When the story opens, Myra has concocted a plan that will make her famous, and for that plan, she pressures her asthmatic husband into becoming her accomplice. The plan is to kidnap a child of wealthy parents, issue a ransom note and for Myra to then make an appearance on the scene and announce the location of the child–through her psychic powers–to the worried parents, the press and to the police. According to Myra, this will catapult her to psychic success. And here’s the curious thing about Myra–while she refuses to “stoop” to cheap tricks in order to enhance her professional image, she’s perfectly ok, morally, with kidnapping a child and thus manufacturing an event that will supposedly reveal her psychic powers:

The fact that her reputation would rest on a fraud didn’t disturb her. It was cheating for an honourable end.

Myra’s intensity (bordering on fanaticism) combined with her twisted morality have made her a dangerous person. There are no limits to her burning desire for psychic fame, and on her own perhaps Myra would spin endless fantasies that die a natural death, but she browbeats her husband into becoming her accomplice and then she’s unleashed….

Séance on a Wet Afternoon is a fascinating, unique read. Myra ultimately settles on crime as the solution for her desire for fame–just as bank robbers are driven to make the one ‘big score.’ In this sense, Myra isn’t so different from all the other people who dwell on their fantasies and then decide to take action to make those fantasies into reality through a criminal act.

On another level, Séance on a Wet Afternoon is the story of a marriage, and as the story plays out, it’s clear that Bill and Myra, pathetic people individually, make a toxic combination. With a husband, who was less complacent, Myra would be de-fanged; Bill, who’s clearly afraid to refuse Myra’s demands, empowers her insane ambitions, and make no mistake, Myra is insane. As the chapters unfold, Myra’s history is gradually revealed along with the significant psychic events of her youth and her past employment as a conjurer’s assistant, a clairvoyant’s aid, and a mind-reader’s assistant. It’s the introduction of the six-year-old kidnapped child into Myra and Bill’s household that highlights the true pathological nature of their marriage and their twisted thinking, for to Myra, the child is merely a means to an end–an object who exists to fulfill her greatest ambition.

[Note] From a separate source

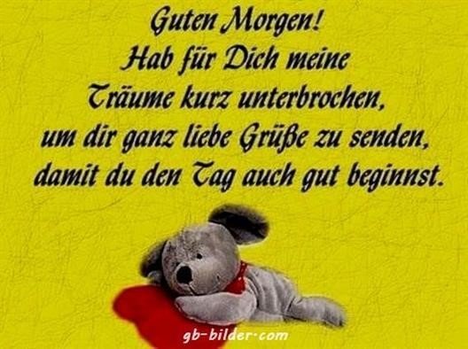 Guten Morgen Sonnenschein, lass mich in Dein Herz hinein Ich denk an Dich am heutigen , weil ich Dich ganz besonders mag Wenn Du an diesem Morgen aufwachst, Dir Deine süßen Augen reibst und diese Mail liest, wirst Du wissen, dass ich Dich sehr gern und sehr lieb habe. Mit diesen Guten Morgen Grüßen und Sprüchen mit Bildern kann man seinen Liebsten, Freunden und Kollegen auf verschiedene Art und Weise einen Guten Morgen wünschen Mit dabei sind natürlich Grüße an den Schatz, lustige Guten Morgen Grüße und guten Morgen KaffeeGrüße dürfen auch nicht fehlen. Guten Morgen SMS Hier kannst du dir die besten Aufwachgrüße heraussuchen Guten Morgen SMSSprüche in dieser Rubrik 257 Wo krieg ich jetzt 'nen Spruch schnell her, um dir zu sagen, ich liebe dich sehr!.

While Myra is supremely confident about her plan, Bill is increasingly nervous and troubled, and here’s his twisted moral justification for the kidnapping diluted down from Myra’s arguments:

He hadn’t been able to concentrate, on anything, since the conception of the Plan. There was always a little worry nagging at the back of his mind. It wasn’t the implementation itself; he’d done the first of the two major jobs scheduled, and was so pleased with the way he’d succeeded that the fear of doing the second had been reduced; the rest was up to his wife. It wasn’t the rights and the wrongs of the scheme now;  although he had never in his life knowingly done a wrong thing, he condoned the illegal act because Myra said it was a means to an end that would benefit mankind, and he believed what Myra said; she also said it was only technically illegal, since they had no intentions of keeping the money and the child would be returned safely; she conceded that it was in a way morally wrong to abduct a child, but it was only for three or four days, and there was no question of ill-treatment; it was almost like a little holiday. 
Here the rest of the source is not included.